**STUDY MATERIAL:**
▼
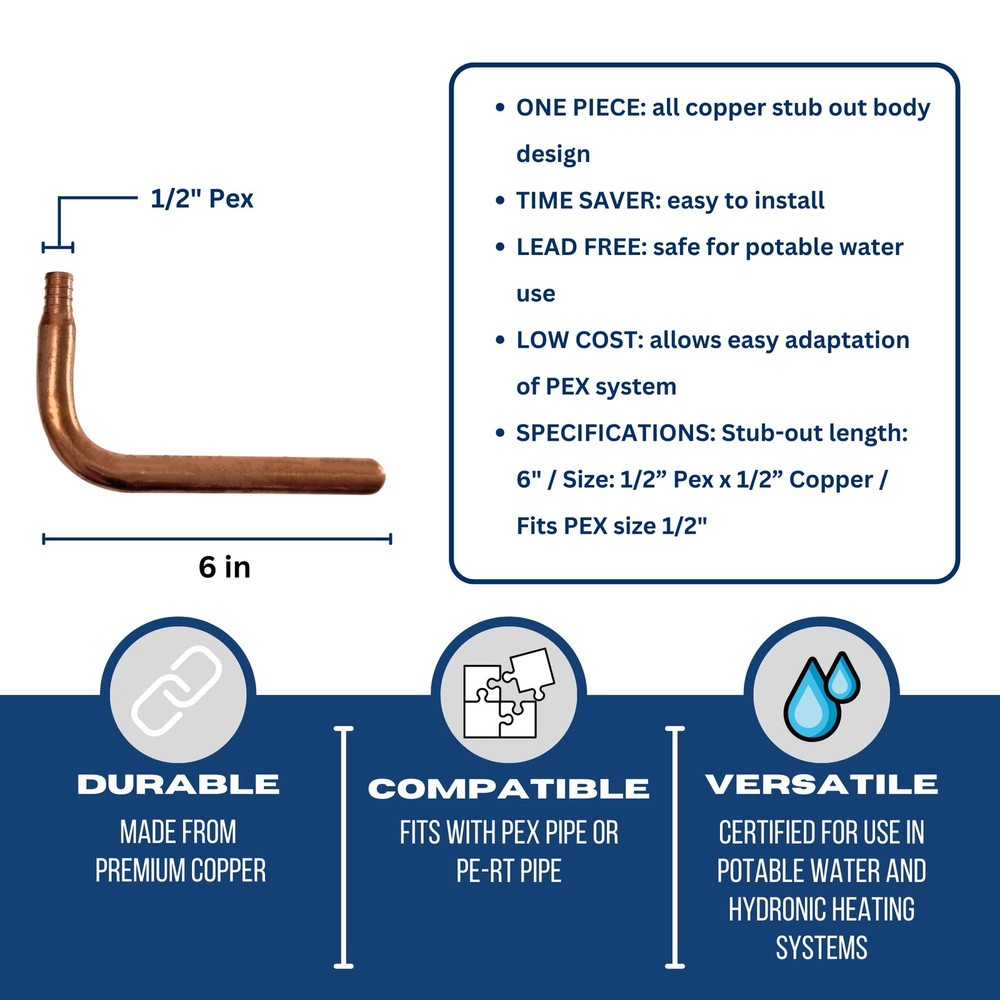 Introducing the 1/2" PEX Stub Out – your versatile solution for streamlined plumbing installations with precision and reliability. Crafted with excellence by , this stub out is engineered to meet the highest standards of durability and performance and comes in a variety of styles to suit your specific needs. Designed to accommodate 1/2" PEX tubing, this stub out offers versatility for various residential and commercial plumbing projects. Whether you're conducting repairs, renovations, or new installations, trust to deliver the precision and reliability you need for successful plumbing endeavors. Upgrade your plumbing system with confidence using the 1/2" PEX Stub Out – where quality meets innovation for lasting performance you can trust. Brand: Size: 1/2" Pex Compatibility: Designed for use with 1/2" PEX tubing Versatility: Suitable for residential and commercial plumbing projects
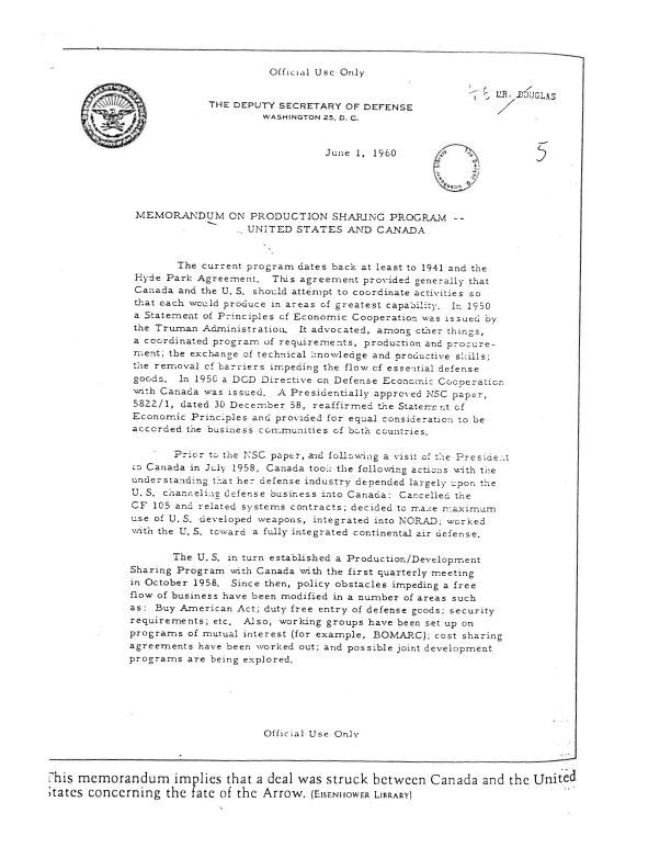 Implication of a deal with the US regarding fate of Arrow, Canada to be subcontractor. Generally a one sided affair with minimal work in Canada.
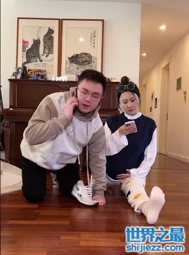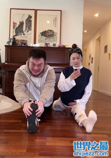 近日,宋丹丹儿媳博古晒出了和巴图两人劈叉的视频。视频中博古穿着宽松的裤子,一只手拖着肚子,一只手拿手机,在地板上做劈叉,脸上还敷着面膜,看起来十分的轻松。而一旁的巴图用力地掰着脚,脸憋得通红,露出痛苦狰狞的表情。
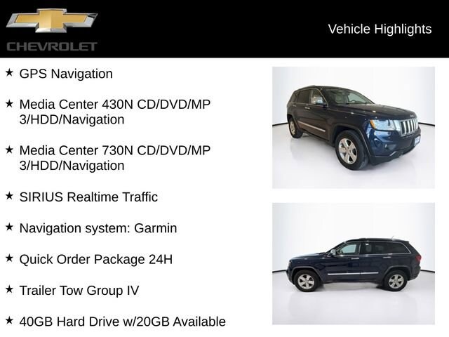 True Blue Pearlcoat 2012 Jeep Grand Cherokee Limited 4WD 6-Speed Automatic 5.7L V8 Multi Displacement VVT Grand Cherokee Limited, 4D Sport Utility, 5.7L V8 Multi Displacement VVT, 6-Speed Automatic, 4WD, True Blue Pearlcoat, Black/Light Frost Beige Leather, 220 Amp Alternator, 40GB Hard Drive w/20GB Available, 7 & 4 Pin Wiring Harness, Auto-dimming Rear-View mirror, Bodyside moldings, Class IV Receiver Hitch, Dual Bright Exhaust Tips, Exterior Parking Camera Rear, Front dual zone A/C, GPS Navigation, Heated front seats, Heavy-Duty Engine Cooling, Media Center 430N CD/DVD/MP3/HDD/Navigation, Media Center 730N CD/DVD/MP3/HDD/Navigation, Navigation system: Garmin, Power moonroof, Premium Leather Trimmed Bucket Seats, Quick Order Package 24H, Rear Load Leveling Suspension, Rear Parking Sensors, Roof rack: rails only, SIRIUS Realtime Traffic, SIRIUSXM Traffic, Trailer Tow Group IV.
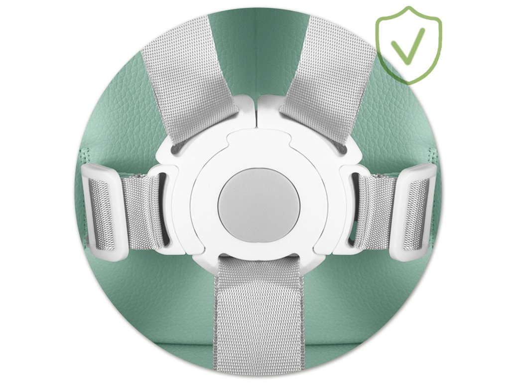 Dodatečné zabezpečení, 5bodové bezpečnostní pásy což neumožní pro samovolné vyloučení dítěte židle. Když už není potřeba, lze ji zcela demontovat.
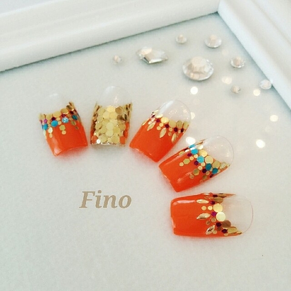 ベースはオレンジで、一本だけホワイトを入れたオシャレネイル◎
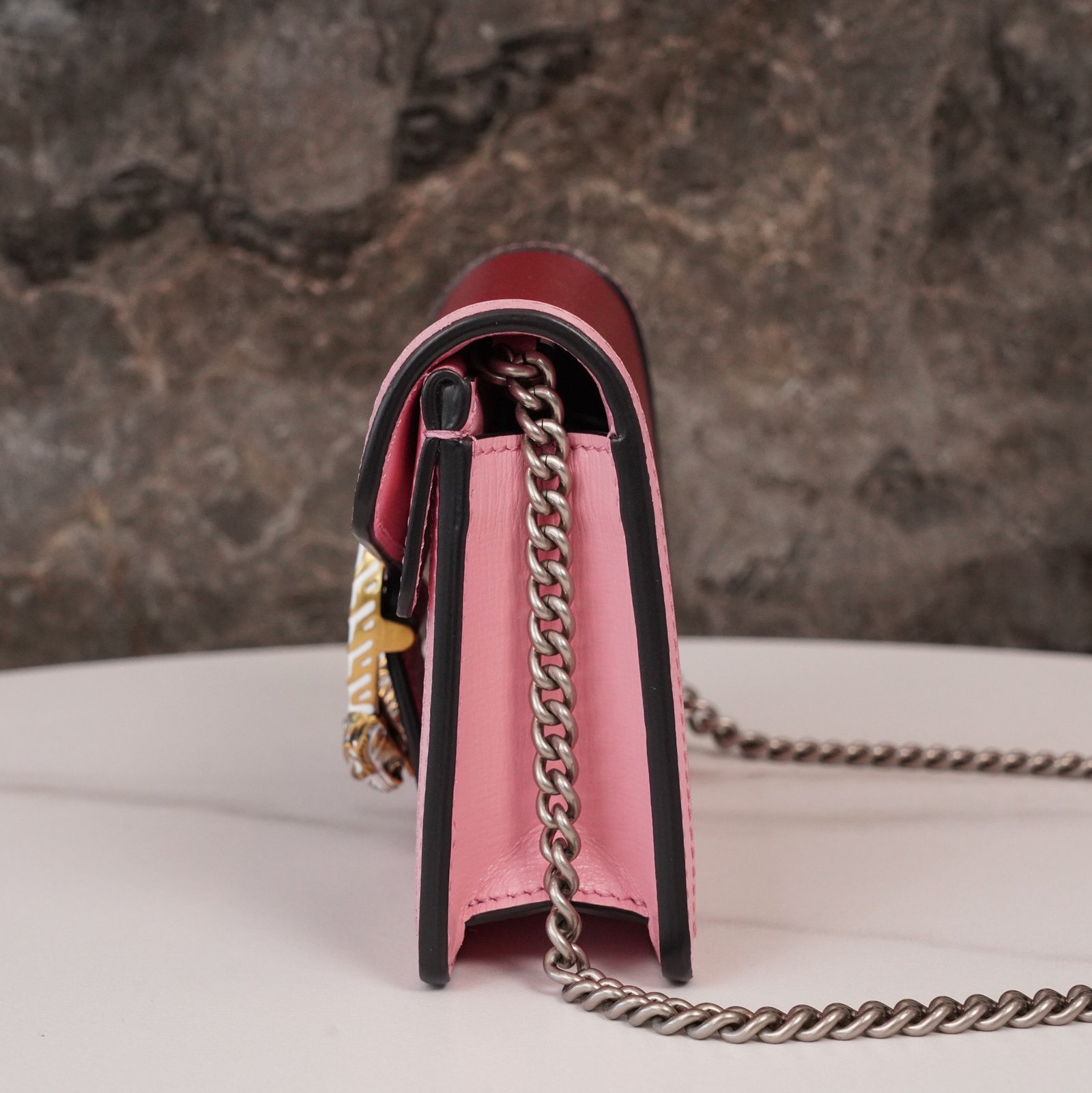 ๐ƒ๐ข๐จ๐ง๐ฒ๐ฌ๐ฎ๐ฌ collection of ultra-miniature handbags Red and Pink nn Classic styles revitalized by a vibrant and bright color palette. The classic red and pink color scheme has been reinterpreted in a bright and vibrant color palette, reminiscent of the beauty of precious stones. The Dionysus bag is crafted in new ruby red leather with pale pink piping. The collection’s iconic tiger head closure incorporates glittering enamel details to emphasize the exceptional design quality. nSize: 16.5*10*4cmn๐Ÿ”: 4764320860
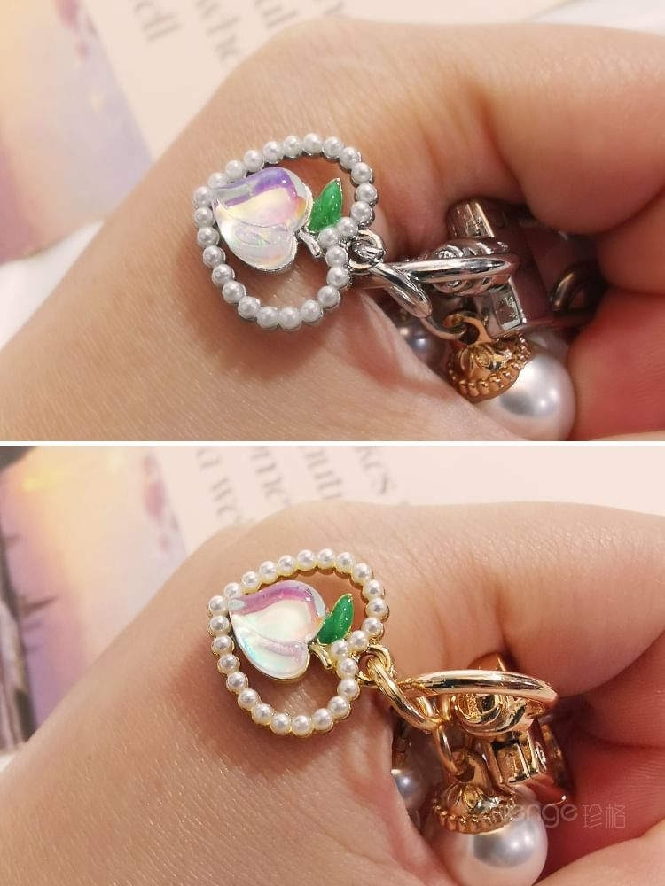 Peach Faux Pearl Phone Strap with Lanyard Pad
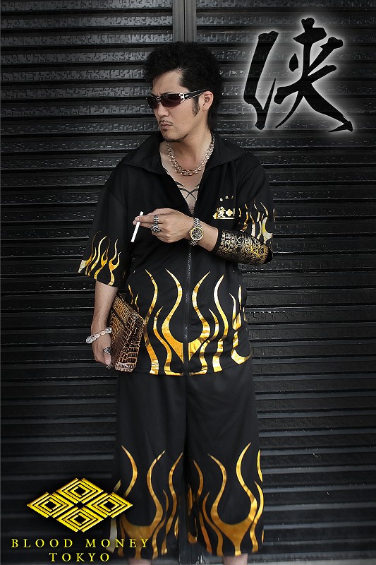 送料無料 14011黒 BLOOD MONEY TOKYO半袖セットアップ 仁義 大きいサイズ悪羅悪羅系オラオラ系暴走族右翼雑誌掲載服 悪党の店 バースジャパン BIRTHJAPAN
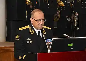 In April 2010 Kasatonov was appointed commander of the Kola Flotilla. In summer 2012 he commanded a detachment of ships from the Northern, Baltic and Black Sea Fleets, which operated in the Mediterranean Sea.[1] On 14 September 2012 he was appointed chief of staff and first deputy commander of the Pacific Fleet.[1][9][10] On 12 June 2013 he was promoted to vice-admiral.[2][9][11] On 3 October 2016 he was appointed head of the Naval Academy, taking over in a ceremony attended by his predecessor, Vice-Admiral Aleksandr Nosatov, and the Chief of Staff of the Navy Andrei Volozhinsky.[12] During the ceremony Volozhinsky described Kasatonov as "a true professional with a brilliant track record who has devoted many years to the service in the Northern and Pacific Fleets."[12] On 20 December 2018 Kasatonov successfully defended his thesis for the award of the doctorate of military science. Present at the defence were his uncle, Admiral Igor Kasatonov, and Colonel-General (Naval aviation) Vladimir Deineka.[13] In December 2019 Kasatonov was appointed deputy commander in chief of the navy.[14]
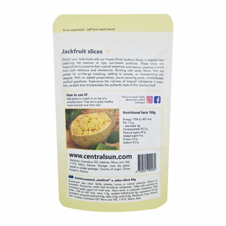 Centralsun Freeze-dried Jackfruit Slices are 100% pure and vegan. Free of additives, gluten, GMOs.
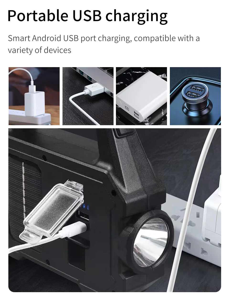 2. Two Charging Methods: Solar + USB charging.
▲
**TASK STATEMENT:** The data above must be given back verbatim, minus its images.

**RESULT OF THE TASK:**
 Introducing the 1/2" PEX Stub Out – your versatile solution for streamlined plumbing installations with precision and reliability. Crafted with excellence by , this stub out is engineered to meet the highest standards of durability and performance and comes in a variety of styles to suit your specific needs. Designed to accommodate 1/2" PEX tubing, this stub out offers versatility for various residential and commercial plumbing projects. Whether you're conducting repairs, renovations, or new installations, trust to deliver the precision and reliability you need for successful plumbing endeavors. Upgrade your plumbing system with confidence using the 1/2" PEX Stub Out – where quality meets innovation for lasting performance you can trust. Brand: Size: 1/2" Pex Compatibility: Designed for use with 1/2" PEX tubing Versatility: Suitable for residential and commercial plumbing projects
 Implication of a deal with the US regarding fate of Arrow, Canada to be subcontractor. Generally a one sided affair with minimal work in Canada.
 近日,宋丹丹儿媳博古晒出了和巴图两人劈叉的视频。视频中博古穿着宽松的裤子,一只手拖着肚子,一只手拿手机,在地板上做劈叉,脸上还敷着面膜,看起来十分的轻松。而一旁的巴图用力地掰着脚,脸憋得通红,露出痛苦狰狞的表情。
 True Blue Pearlcoat 2012 Jeep Grand Cherokee Limited 4WD 6-Speed Automatic 5.7L V8 Multi Displacement VVT Grand Cherokee Limited, 4D Sport Utility, 5.7L V8 Multi Displacement VVT, 6-Speed Automatic, 4WD, True Blue Pearlcoat, Black/Light Frost Beige Leather, 220 Amp Alternator, 40GB Hard Drive w/20GB Available, 7 & 4 Pin Wiring Harness, Auto-dimming Rear-View mirror, Bodyside moldings, Class IV Receiver Hitch, Dual Bright Exhaust Tips, Exterior Parking Camera Rear, Front dual zone A/C, GPS Navigation, Heated front seats, Heavy-Duty Engine Cooling, Media Center 430N CD/DVD/MP3/HDD/Navigation, Media Center 730N CD/DVD/MP3/HDD/Navigation, Navigation system: Garmin, Power moonroof, Premium Leather Trimmed Bucket Seats, Quick Order Package 24H, Rear Load Leveling Suspension, Rear Parking Sensors, Roof rack: rails only, SIRIUS Realtime Traffic, SIRIUSXM Traffic, Trailer Tow Group IV.
 Dodatečné zabezpečení, 5bodové bezpečnostní pásy což neumožní pro samovolné vyloučení dítěte židle. Když už není potřeba, lze ji zcela demontovat.
 ベースはオレンジで、一本だけホワイトを入れたオシャレネイル◎
 ๐ƒ๐ข๐จ๐ง๐ฒ๐ฌ๐ฎ๐ฌ collection of ultra-miniature handbags Red and Pink nn Classic styles revitalized by a vibrant and bright color palette. The classic red and pink color scheme has been reinterpreted in a bright and vibrant color palette, reminiscent of the beauty of precious stones. The Dionysus bag is crafted in new ruby red leather with pale pink piping. The collection’s iconic tiger head closure incorporates glittering enamel details to emphasize the exceptional design quality. nSize: 16.5*10*4cmn๐Ÿ”: 4764320860
 Peach Faux Pearl Phone Strap with Lanyard Pad
 送料無料 14011黒 BLOOD MONEY TOKYO半袖セットアップ 仁義 大きいサイズ悪羅悪羅系オラオラ系暴走族右翼雑誌掲載服 悪党の店 バースジャパン BIRTHJAPAN
 In April 2010 Kasatonov was appointed commander of the Kola Flotilla. In summer 2012 he commanded a detachment of ships from the Northern, Baltic and Black Sea Fleets, which operated in the Mediterranean Sea.[1] On 14 September 2012 he was appointed chief of staff and first deputy commander of the Pacific Fleet.[1][9][10] On 12 June 2013 he was promoted to vice-admiral.[2][9][11] On 3 October 2016 he was appointed head of the Naval Academy, taking over in a ceremony attended by his predecessor, Vice-Admiral Aleksandr Nosatov, and the Chief of Staff of the Navy Andrei Volozhinsky.[12] During the ceremony Volozhinsky described Kasatonov as "a true professional with a brilliant track record who has devoted many years to the service in the Northern and Pacific Fleets."[12] On 20 December 2018 Kasatonov successfully defended his thesis for the award of the doctorate of military science. Present at the defence were his uncle, Admiral Igor Kasatonov, and Colonel-General (Naval aviation) Vladimir Deineka.[13] In December 2019 Kasatonov was appointed deputy commander in chief of the navy.[14]
 Centralsun Freeze-dried Jackfruit Slices are 100% pure and vegan. Free of additives, gluten, GMOs.
 2. Two Charging Methods: Solar + USB charging.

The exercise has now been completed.